A lição é incisiva, tornando claro que o patrocínio de ambas as partes, além do ferimento do já citado artigo 2º, parágrafo único, inciso II, que o obriga o advogado, entre outras, a atuar com destemor e independência, também ao risco de ferimento do sigilo profissional, previsto nos artigos 25, 26 e 27 do CED, que poderá ser abalado em ambos os lados.

Portanto, como é também o entendimento do Dr. Luiz Antonio Gambelli no processo citado, com o qual comungamos, há impedimento ético para patrocinar ambas as partes, por configurar conflito de interesses e impedir a atuação do advogado com destemor e independência.
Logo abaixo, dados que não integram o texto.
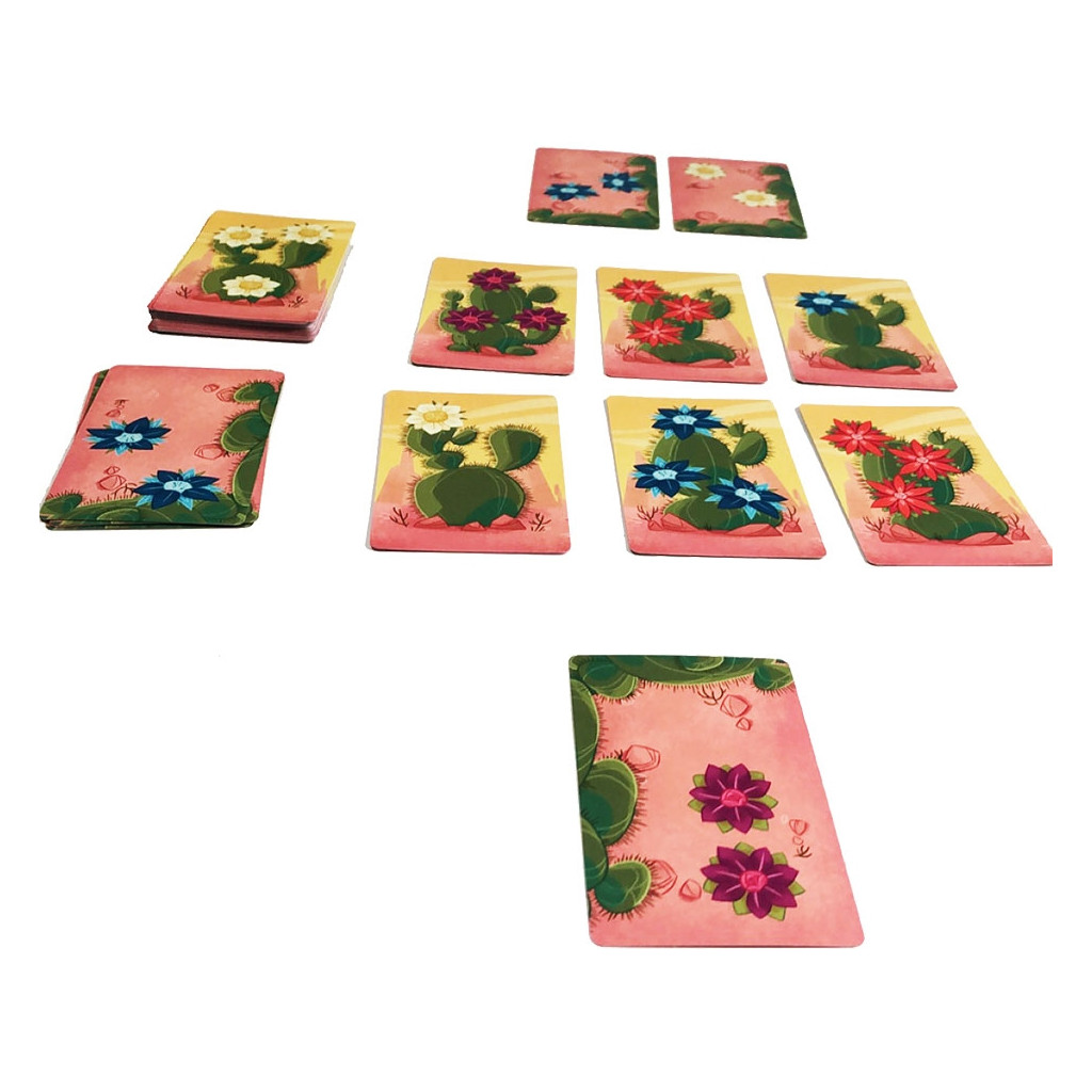 Vous vous trouvez au cœur du désert à la recherche de magnifiques fleurs de cactus. À votre tour, vous choisirez l'une des 4 faces d'une carte Cactus et la retournerez. Si des épines de cactus apparaissent sur la face choisie : mauvaise nouvelle ! Vous êtes piqué et ne pouvez pas cueillir les fleurs. Plus une carte contient de fleurs, plus elle est dangereuse, alors soyez prudent !

Se decidirem os consulentes aceitar o patrocínio da defesa dos bancos, devem substabelecer os mandatos, sem reservas e com o consentimento dos clientes que litigam contra as instituições financeiras, ou renunciar aos mesmos, observando expressamente o estatuído nos artigos 13, 18, 24, § 1º do CED e demais disposições aplicáveis.

Por fim, nos termos do artigo 48 do CED, devem os consulentes serem oficiados pelo Presidente deste Tribunal, para que se abstenham de utilizar a denominação (...), (...) & (...) Advogados, que é privativa das sociedades de advogados, pois segundo informações da Comissão de Sociedade de Advogados da OAB-SP, constante à fl. 13 dos autos, não consta registro de tal razão social.